*WORK ORDER*:
All that should come back is the lines of the data below from the one containing "Hi, I am selling" to the one containing "k18 ギフト 記念 贈り物", inclusive, exactly as they stand.

*AVAILABLE DATA*:
************
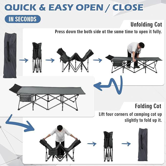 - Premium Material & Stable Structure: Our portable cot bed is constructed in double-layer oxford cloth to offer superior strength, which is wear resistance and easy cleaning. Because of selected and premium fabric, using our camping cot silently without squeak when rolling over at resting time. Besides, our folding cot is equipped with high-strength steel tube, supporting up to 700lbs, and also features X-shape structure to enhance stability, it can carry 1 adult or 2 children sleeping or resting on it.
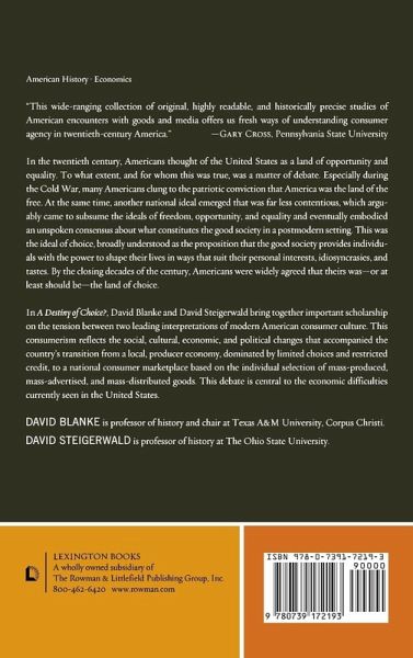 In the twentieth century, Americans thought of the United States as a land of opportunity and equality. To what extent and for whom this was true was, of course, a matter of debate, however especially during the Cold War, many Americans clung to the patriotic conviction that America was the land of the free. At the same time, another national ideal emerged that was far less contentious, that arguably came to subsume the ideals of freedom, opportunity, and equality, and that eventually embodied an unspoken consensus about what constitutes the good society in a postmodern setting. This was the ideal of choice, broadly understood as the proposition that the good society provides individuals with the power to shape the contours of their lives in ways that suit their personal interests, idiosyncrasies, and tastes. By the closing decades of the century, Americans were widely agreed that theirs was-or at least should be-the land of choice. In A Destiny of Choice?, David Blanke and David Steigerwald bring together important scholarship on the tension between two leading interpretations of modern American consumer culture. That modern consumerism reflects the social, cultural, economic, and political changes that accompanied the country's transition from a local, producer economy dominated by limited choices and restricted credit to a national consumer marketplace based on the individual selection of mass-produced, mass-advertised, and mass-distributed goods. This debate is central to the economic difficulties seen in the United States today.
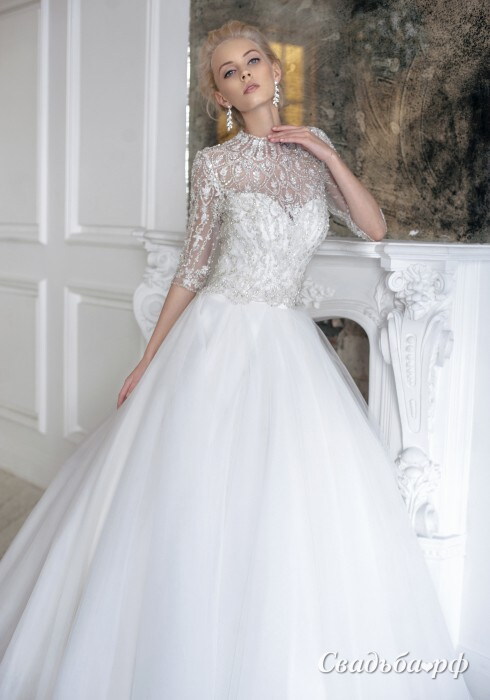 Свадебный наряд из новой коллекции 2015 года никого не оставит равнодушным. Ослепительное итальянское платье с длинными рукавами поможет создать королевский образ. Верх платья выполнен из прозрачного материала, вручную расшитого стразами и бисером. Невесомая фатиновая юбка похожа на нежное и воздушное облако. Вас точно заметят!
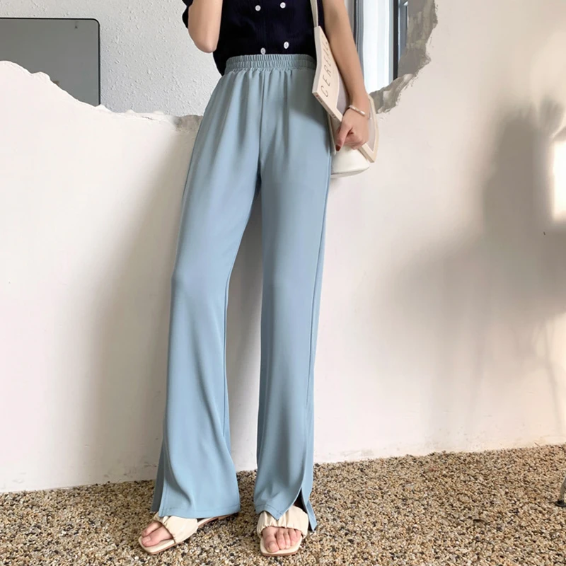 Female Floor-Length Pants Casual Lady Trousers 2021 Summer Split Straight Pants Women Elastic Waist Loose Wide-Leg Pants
************
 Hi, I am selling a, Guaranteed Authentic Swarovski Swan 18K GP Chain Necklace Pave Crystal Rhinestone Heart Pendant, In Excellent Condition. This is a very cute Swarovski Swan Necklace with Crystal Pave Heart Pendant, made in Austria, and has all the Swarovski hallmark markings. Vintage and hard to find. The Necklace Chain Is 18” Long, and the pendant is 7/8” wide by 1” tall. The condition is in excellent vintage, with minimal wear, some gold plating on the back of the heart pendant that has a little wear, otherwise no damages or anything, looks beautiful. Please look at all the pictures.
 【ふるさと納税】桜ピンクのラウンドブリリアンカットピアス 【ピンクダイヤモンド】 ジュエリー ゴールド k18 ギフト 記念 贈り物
************
*WRITTEN SOLUTION*:
 Hi, I am selling a, Guaranteed Authentic Swarovski Swan 18K GP Chain Necklace Pave Crystal Rhinestone Heart Pendant, In Excellent Condition. This is a very cute Swarovski Swan Necklace with Crystal Pave Heart Pendant, made in Austria, and has all the Swarovski hallmark markings. Vintage and hard to find. The Necklace Chain Is 18” Long, and the pendant is 7/8” wide by 1” tall. The condition is in excellent vintage, with minimal wear, some gold plating on the back of the heart pendant that has a little wear, otherwise no damages or anything, looks beautiful. Please look at all the pictures.
 【ふるさと納税】桜ピンクのラウンドブリリアンカットピアス 【ピンクダイヤモンド】 ジュエリー ゴールド k18 ギフト 記念 贈り物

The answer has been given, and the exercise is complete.